(Items from a dataset)
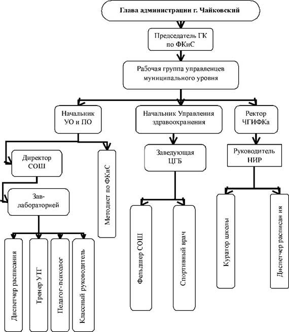 В принятой на заседании Госсовета Российской Федерации 30 января 2002 г. "Концепции развития физической культуры и спорта в Российской Федерации на период до 2005 года" предусматривалась четкая система мер по оздоровлению детей, подростков и молодежи. Однако на региональном уровне данная стратегия практически не реализована. Особенно это касается детского и юношеского спорта, массовой физической культуры для населения города. Существует определенный положительный опыт работы в данном направлении в Татарстане, Ростовской и Тюменской областях. Физическая культура, по мнению О.Н. Пряхина, - сложная система, одно из свойств которой как отрасли состоит в том, что она представляет собой многоуровневую систему специальных физкультурных государственных учреждений и общественных организаций [6]. Взаимодействие этих учреждений и организаций физической культуры происходит иерархически, т.е. часть из них осуществляет управление другими, придавая целенаправленность и скоординированность их деятельности. В процессе такого управления возникают специфические связи: вертикальные - между физкультурными организациями различных уровней; горизонтальные - между организациями, находящимися на одном и том же уровне, т.е. налицо взаимодействие систем управления. Как и в социальном управлении, в управлении физической куль турой происходит диалектическое объединение двух подсистем: управляемой, которую обычно называют объектом управления, и управляющей, называемой субъектом управления. Объектом социального управления, в какой бы форме и на каком бы уровне он ни выступал, реально и фактически являются люди. Интересен опыт патронажа массовой физической культуры в некоторых европейских странах. Так, в Англии все муниципальные спортивные плоскостные сооружения безвозмездно предоставлены общеобразовательным учреждениям для проведения занятий и спортивных мероприятий, в Германии федерации футбола, биатлона естественным путем привлекают в свои ряды подрастающее поколение, организуют для них отборочные состязания, предоставляя оборудование и инвентарь для образовательных занятий в школах. В России, Пермском крае, на муниципальном уровне для всей отрасли физической культуры субъектом управления выступает Городской комитет по физической культуре, спорту и туризму. Одна из первоочередных задач комитета - улучшение спортивной базы и управление качеством физкультурного и спортивного образований на муниципальном уровне. В г. Чайковском Пермского края на сегодняшний день реализация данного направления усугуб ляется рядом обстоятельств, одно их которых - передача полномочий финансирования отрасли из бюджета города в юрисдикцию областного центра г. Пермь. Такое положение, названное "оптимизацией", привело к изменению штатных расписаний федераций и их структурных подразделений. Как показало время, с данной обстановкой мы уже встречались в начале 90-х гг., когда из-за отсутствия финансирования на местном уровне приказали долго жить детские клубы по месту жительства, массовая физическая культура и спорт для всех стали призрачными для большинства слоев населения города. В современных условиях "оптимизации образования" в общеобразовательных учреждениях происходит аналогичная ситуация. В 1,2 раза сокращается штатное финансирование дополн
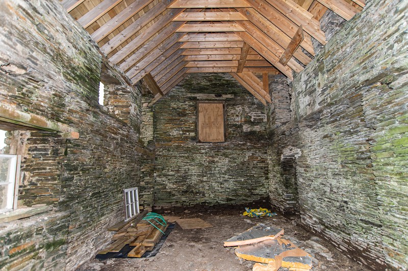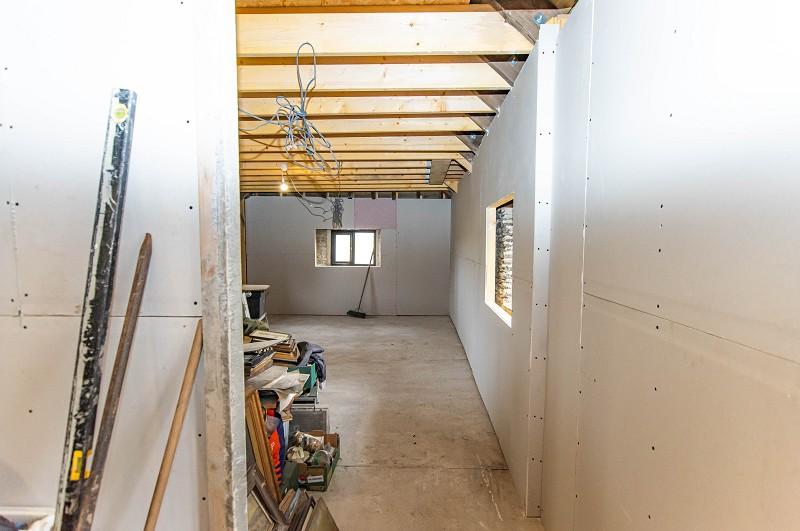 Accessed via a UPVC door with a glazed panel, the kitchen has been plumbed and has power connection. The walls have been plaster boarded and there is a velux window. Two windows face the front elevation. Steps give access to the lounge, with openings leading to the utility and bathroom.
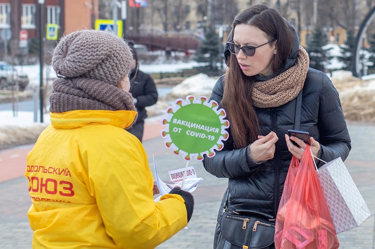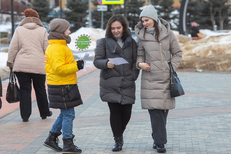 Акция под названием «Прививка = Защита» прошла 2 марта на бульваре Юности в Подольске. Это информационно-просветительское мероприятие было организовано Комитетом по делам молодежи администрации Городского округа Подольск совместно с городским волонтерским центром. Молодые люди раздавали прохожим информационные листовки с адресами и временем работы мобильных пунктов вакцинации от COVID-19.
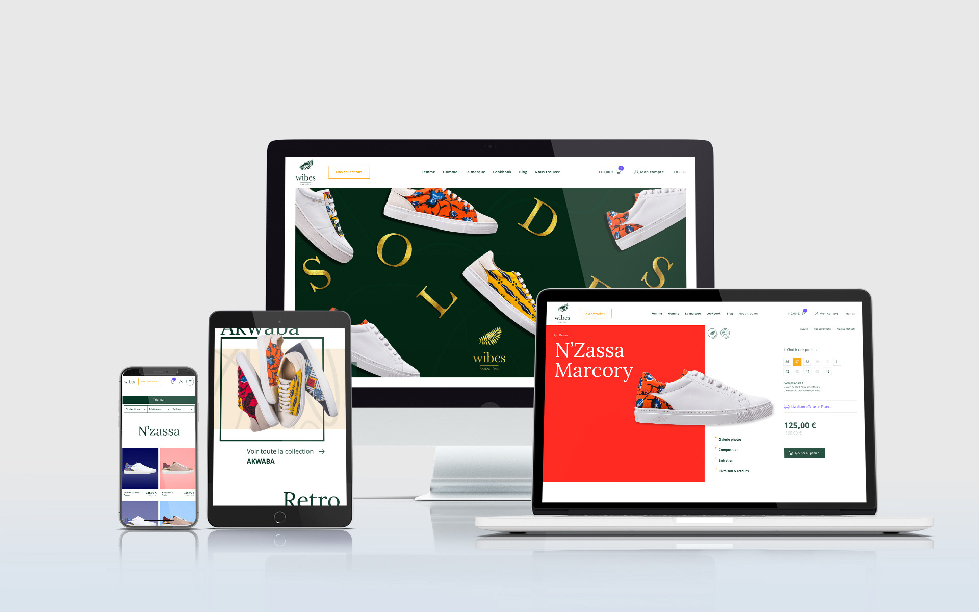 Création du nouveau e-commerce de Wibes. Création et vente en ligne de baskets haut de gamme et éthiques.
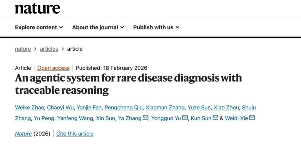 Core Insights - The article highlights the launch of DeepRare, the world's first intelligent rare disease diagnostic system developed by a joint team from Shanghai Jiao Tong University and Xinhua Hospital, addressing the global challenge of difficult diagnosis and high misdiagnosis rates in rare diseases [1][4]. Group 1: System Overview - DeepRare employs an innovative "central-body" architecture, surpassing traditional medical AI by breaking data silos and integrating vast amounts of medical literature and clinical cases for deep knowledge internalization [4]. - The system abandons traditional AI's pattern matching, utilizing a human-like "slow thinking" capability through "hypothesis-verification-self-reflection" to analyze diagnostic clues [4]. - DeepRare provides full-process evidence-based "white-box reasoning," ensuring that each diagnostic conclusion is accompanied by a complete traceable evidence chain, addressing the trust crisis in AI healthcare [4]. Group 2: Performance Metrics - Clinical data validation shows that DeepRare's pure phenotype diagnostic accuracy reached 57.18%, an improvement of 23.79 percentage points over the best international models, changing the paradigm that "without genetic testing, diagnosis is difficult" [4]. - The system's diagnostic recall rate surpasses that of rare disease specialists with ten years of clinical experience [4]. - After incorporating genetic sequencing data, the comprehensive first-diagnosis accuracy for complex cases exceeded 70.61%, significantly outperforming commonly used international tools [4]. - The inference reports generated by the system achieved a 95.40% satisfaction rate among doctors, ensuring that diagnoses are "well-founded" [4].

● **Task**: Output each line of the records exactly. Any picture is skipped.

● **Response to this task**:
 В принятой на заседании Госсовета Российской Федерации 30 января 2002 г. "Концепции развития физической культуры и спорта в Российской Федерации на период до 2005 года" предусматривалась четкая система мер по оздоровлению детей, подростков и молодежи. Однако на региональном уровне данная стратегия практически не реализована. Особенно это касается детского и юношеского спорта, массовой физической культуры для населения города. Существует определенный положительный опыт работы в данном направлении в Татарстане, Ростовской и Тюменской областях. Физическая культура, по мнению О.Н. Пряхина, - сложная система, одно из свойств которой как отрасли состоит в том, что она представляет собой многоуровневую систему специальных физкультурных государственных учреждений и общественных организаций [6]. Взаимодействие этих учреждений и организаций физической культуры происходит иерархически, т.е. часть из них осуществляет управление другими, придавая целенаправленность и скоординированность их деятельности. В процессе такого управления возникают специфические связи: вертикальные - между физкультурными организациями различных уровней; горизонтальные - между организациями, находящимися на одном и том же уровне, т.е. налицо взаимодействие систем управления. Как и в социальном управлении, в управлении физической куль турой происходит диалектическое объединение двух подсистем: управляемой, которую обычно называют объектом управления, и управляющей, называемой субъектом управления. Объектом социального управления, в какой бы форме и на каком бы уровне он ни выступал, реально и фактически являются люди. Интересен опыт патронажа массовой физической культуры в некоторых европейских странах. Так, в Англии все муниципальные спортивные плоскостные сооружения безвозмездно предоставлены общеобразовательным учреждениям для проведения занятий и спортивных мероприятий, в Германии федерации футбола, биатлона естественным путем привлекают в свои ряды подрастающее поколение, организуют для них отборочные состязания, предоставляя оборудование и инвентарь для образовательных занятий в школах. В России, Пермском крае, на муниципальном уровне для всей отрасли физической культуры субъектом управления выступает Городской комитет по физической культуре, спорту и туризму. Одна из первоочередных задач комитета - улучшение спортивной базы и управление качеством физкультурного и спортивного образований на муниципальном уровне. В г. Чайковском Пермского края на сегодняшний день реализация данного направления усугуб ляется рядом обстоятельств, одно их которых - передача полномочий финансирования отрасли из бюджета города в юрисдикцию областного центра г. Пермь. Такое положение, названное "оптимизацией", привело к изменению штатных расписаний федераций и их структурных подразделений. Как показало время, с данной обстановкой мы уже встречались в начале 90-х гг., когда из-за отсутствия финансирования на местном уровне приказали долго жить детские клубы по месту жительства, массовая физическая культура и спорт для всех стали призрачными для большинства слоев населения города. В современных условиях "оптимизации образования" в общеобразовательных учреждениях происходит аналогичная ситуация. В 1,2 раза сокращается штатное финансирование дополн
 Accessed via a UPVC door with a glazed panel, the kitchen has been plumbed and has power connection. The walls have been plaster boarded and there is a velux window. Two windows face the front elevation. Steps give access to the lounge, with openings leading to the utility and bathroom.
 Акция под названием «Прививка = Защита» прошла 2 марта на бульваре Юности в Подольске. Это информационно-просветительское мероприятие было организовано Комитетом по делам молодежи администрации Городского округа Подольск совместно с городским волонтерским центром. Молодые люди раздавали прохожим информационные листовки с адресами и временем работы мобильных пунктов вакцинации от COVID-19.
 Création du nouveau e-commerce de Wibes. Création et vente en ligne de baskets haut de gamme et éthiques.
 Core Insights - The article highlights the launch of DeepRare, the world's first intelligent rare disease diagnostic system developed by a joint team from Shanghai Jiao Tong University and Xinhua Hospital, addressing the global challenge of difficult diagnosis and high misdiagnosis rates in rare diseases [1][4]. Group 1: System Overview - DeepRare employs an innovative "central-body" architecture, surpassing traditional medical AI by breaking data silos and integrating vast amounts of medical literature and clinical cases for deep knowledge internalization [4]. - The system abandons traditional AI's pattern matching, utilizing a human-like "slow thinking" capability through "hypothesis-verification-self-reflection" to analyze diagnostic clues [4]. - DeepRare provides full-process evidence-based "white-box reasoning," ensuring that each diagnostic conclusion is accompanied by a complete traceable evidence chain, addressing the trust crisis in AI healthcare [4]. Group 2: Performance Metrics - Clinical data validation shows that DeepRare's pure phenotype diagnostic accuracy reached 57.18%, an improvement of 23.79 percentage points over the best international models, changing the paradigm that "without genetic testing, diagnosis is difficult" [4]. - The system's diagnostic recall rate surpasses that of rare disease specialists with ten years of clinical experience [4]. - After incorporating genetic sequencing data, the comprehensive first-diagnosis accuracy for complex cases exceeded 70.61%, significantly outperforming commonly used international tools [4]. - The inference reports generated by the system achieved a 95.40% satisfaction rate among doctors, ensuring that diagnoses are "well-founded" [4].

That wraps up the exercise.